主な権能は対象の欲望を色欲へと染め上げて破滅へと追い込ませたり、自身を魅力的に見せて様々な事を味方にする、または戦意を喪失させるなどがある。
相手が異性であればより効果が高い。
【寛容ノ権能】
様々な事を受け止め、処理することに特化した権能スキル。
主な権能はダメージの肩代わりと受け流し、スキル効果の広域化に体力の増幅などがある。
自身の使う属性の相性が悪くとも統合使用が可となる。
また、様々な生物に安心感を与えることも可能である。
(傲慢が思った以上に凄い…まさかステータス操作とは)
一応嫉妬で相手のスキルを模倣したものを使えるようにすることが出来るが傲慢のように相手のステータス干渉は無かったのだ。
嫉妬が多対一に強いならば傲慢は一対一に強いと言えそうだ。
(色欲は破滅と俺の味方にする感じか…嫉妬とも怠惰ともまた違った敵への干渉だな)
破滅部分は嫉妬も怠惰も変わらないが敵を味方にするのは色欲特有だろう、いわゆるチャームという技だ。
嫉妬の同士討ちは俺にも飛び火する可能性があったし、怠惰はそもそも無力化に特化しすぎて敵が動かなくなるが色欲となれば自身に飛び火させずに同士討ちが可能となるのだ。
(なんとも大罪らしい能力だな、悪役が使う技にありそうなのが余計にそう思うわ)
そして今までの権能とは毛色の違う美徳の権能はバフが多いらしい。
(ダメージ肩代わりに受け流しに体力増強、スキルの広域化とか味方が多くつくであろう美徳系らしい権能だなぁ)
大罪がデバフや害を与えることに特化しているならば美徳はバフや利になることに特化しているらしい。
あんまり味方を作らない俺にとっては使い道が少なそうな権能である。ただまぁ、安心感を与えるのは色欲のチャームを使う上で有効だろうしスキルの広域化は攻撃系でも広域化しそうだし体力増強や受け流しは純粋に強い、大罪や他スキルの補助と考えたら相当強いだろう。
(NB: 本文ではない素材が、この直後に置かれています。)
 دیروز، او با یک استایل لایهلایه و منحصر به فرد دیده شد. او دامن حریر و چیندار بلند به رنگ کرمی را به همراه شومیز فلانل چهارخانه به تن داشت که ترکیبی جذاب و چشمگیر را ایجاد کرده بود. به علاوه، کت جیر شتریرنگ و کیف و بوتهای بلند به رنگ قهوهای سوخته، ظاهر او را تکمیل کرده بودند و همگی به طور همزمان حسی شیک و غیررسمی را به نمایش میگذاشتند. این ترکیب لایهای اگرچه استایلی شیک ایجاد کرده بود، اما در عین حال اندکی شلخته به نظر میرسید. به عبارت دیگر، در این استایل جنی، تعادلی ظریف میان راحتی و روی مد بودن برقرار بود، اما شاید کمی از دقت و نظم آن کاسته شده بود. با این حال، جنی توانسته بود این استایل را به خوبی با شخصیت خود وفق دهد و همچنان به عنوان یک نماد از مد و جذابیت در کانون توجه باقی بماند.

(権能が増えたがこりゃまたどれも便利だし強そうだな、使ってて分かったが権能は便利だし強い。フィリアさんのおかげで精神浸食も無くなってるからただただ強いスキルだなこりゃ)
本当に聖銀龍は凄い、俺を操作してこんなにしてしまうなど流石神と考えられている龍である。まだまだフィリアさんと対等になる日は遠そうである。
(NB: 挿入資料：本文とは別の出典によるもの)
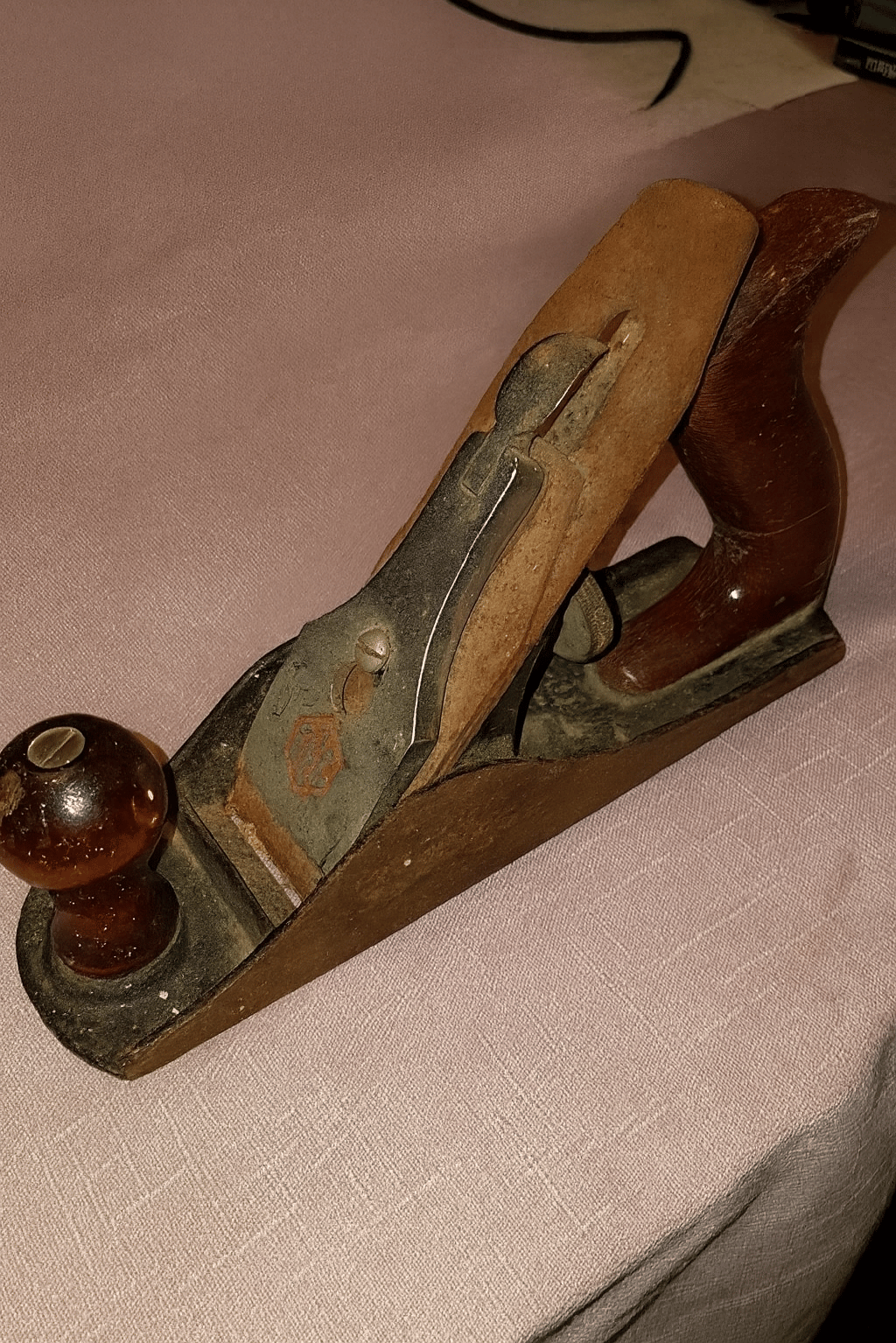 Een gebroken bek, een verroeste beitel, een gespleten salontafelbeen, de bankschroef en houtvijlen van opa ...

追加された称号などは本当にそのままの意味だろう。特に触れるほどでもない気がする。
善悪を判決するって部分はすこし気になるが。
自身のステータスを確認し終わってスキルの実戦確認をしよう怠惰の索敵に寛容の広域化を付与したら大量の人の反応を検知した。
(なんだこれ…統率の取れた感じ、軍か?)
黒龍の姿のまま俺は軍の方へと歩いていく。怠惰の索敵は霧が出るからすぐにばれるとは思っていたが随分と国は動きが速いようだ。